Dr. Mohammed Qazi, associate dean for Research and Outreach in the College of Arts and Sciences, led the effort in developing and submitting grant proposals to the Caring Foundation and P&G. College of Arts and Sciences dean, Dr. Channa Prakash, served as co-author to the grant’s initiative.
“With the new funding, we plan to launch many instructional activities in these areas to empower our students with additional knowledge and expertise that would better prepare them for the 21st workforce, which demands familiarity with big data and artificial intelligence,” explained Prakash.
“Big Data Analytics and Artificial Intelligence are areas making incredible advances impacting our daily lives, providing new applications in every area and pushing the frontiers of science and technology,” he continued. “Every unit in the College of Arts & Sciences ranging from humanities, arts, social sciences, behavioral sciences, mathematics to natural sciences can see the impact of machine learning, big data and AI. Faculty, especially those working on cancer research, are already using some of these tools in their biomedical research.”
“Data Science and AI are highly multi-disciplinary, and so participating students will gain competencies in multiple STEM areas like statistics and coding.
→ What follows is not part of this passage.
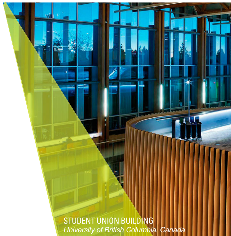
STUDENT UNION BUILDING University of British Columbia, Canada

2016 was defined by increased momentum in large project opportunities as well as engineer-procure-construct (EPC) work. In September, we were awarded a project with Cross Texas Transmission, an affiliate of LS Power, to procure and construct the new Limestone to Gibbons Creek transmission line. This project consists of approximately 68 miles of 345kV transmission in southeast Texas and is part of the 345kV Houston Import Project. Construction is under way with scheduled completion in the spring of 2018. We are one of just a few contractors with the resources and expertise required to complete challenging electrical infrastructure projects of this size. This project will enhance our portfolio and position us well for the future execution of similar work.

Moreover, Data Science transects many areas, and so students from different disciplines whether related to STEM, Health, Humanities, and many others will benefit from the program,” added Qazi.
African Americans constitute a mere five percent of physicians and three percent of data scientists in the U.S. The representation of African Americans in medicine with relevant knowledge of data science and AI is even lower. The emerging data-intensive health trends and technologies require medical trainees to gain experience in these areas.
Under the grants, both initiatives will provide minority students with practical knowledge of these two fields, data science, and AI through a year-long professional development. The project will meet the following four criteria: career development, experiential learning, innovation, and cross-functional collaboration.
Participating students in the context of competitive medical school preparation will have a deeper understanding and knowledge of data science analytics and AI techniques. They will also have hands-on experiential opportunities to understand and experience the data science life cycle and construct models to predict forecasts and communicate results.